Beltane in the East Village 2008 (Wiccan Family Temple Facebook)
This spells trouble.
The Community Board that presides over Astor Place has denied a local Wiccan group’s application to celebrate the summer solstice.
The Wiccan Family Temple had planned a day of music and mystics, complete with a magical wishing well and booths manned by psychics, tarot readers, vendors of crystal balls and tabletop cauldrons, and book-signing authors, including a self-styled supermarket sorceress.
But the chairman of Community Board 2′s Sidewalks and Street Activity Committee Maury Schott told DNAinfo that the organization had to prove that the proposed street fair was “indigenous” to the street between Broadway and Lafayette, although he could not explain what that meant.

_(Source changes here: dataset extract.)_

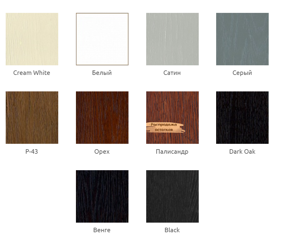 Выполняется в следующих цветах: Cream White, Белый, Сатин, Серый, Dark OAK, Венге, Орех, Палисандр, Р-43.
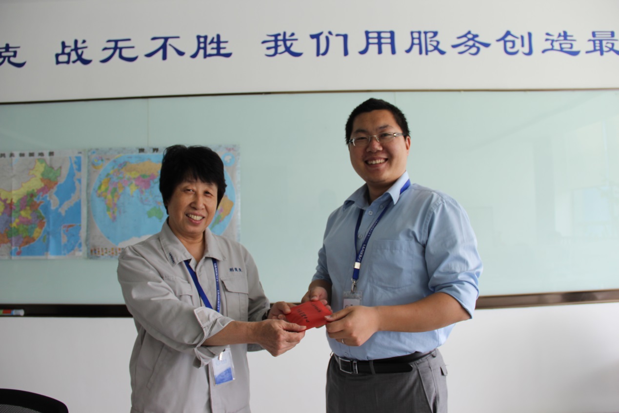 在“六一”国际儿童节即将到来之际,为表达对星空(中国)下一代的亲切祝福,公司于2014年5月30日特向家有14岁以下儿女的员工发放了儿童节慰问礼品。由行政办公室主管庞妮娜代表公司走访各部门,为在工作岗位上敬职敬业的父母们送去最诚挚的问候,同时也向星空(中国)的下一代送上节日的祝福,祝愿少年儿童健康快乐成长。

Inside one of the group’s classes. (Wiccan Family Temple)
“We are a pagan temple,” Starr Ravenhawk, the founder and president of the Wiccan group, said at last Thursday night’s meeting. ”We belong everywhere in Manhattan because we have and hold our services everywhere in Manhattan.”
The event, which would have doubled as a fundraiser, was meant to secure funding for a permanent structure to serve as a place of worship and witch school.
The final say lies with the mayor’s Street Activity Permit Office, who last year granted the so-called annual WitchsFest USA a permit, despite a split recommendation from the community board.
And if the witches still get stonewalled, maybe they can try Broome Street.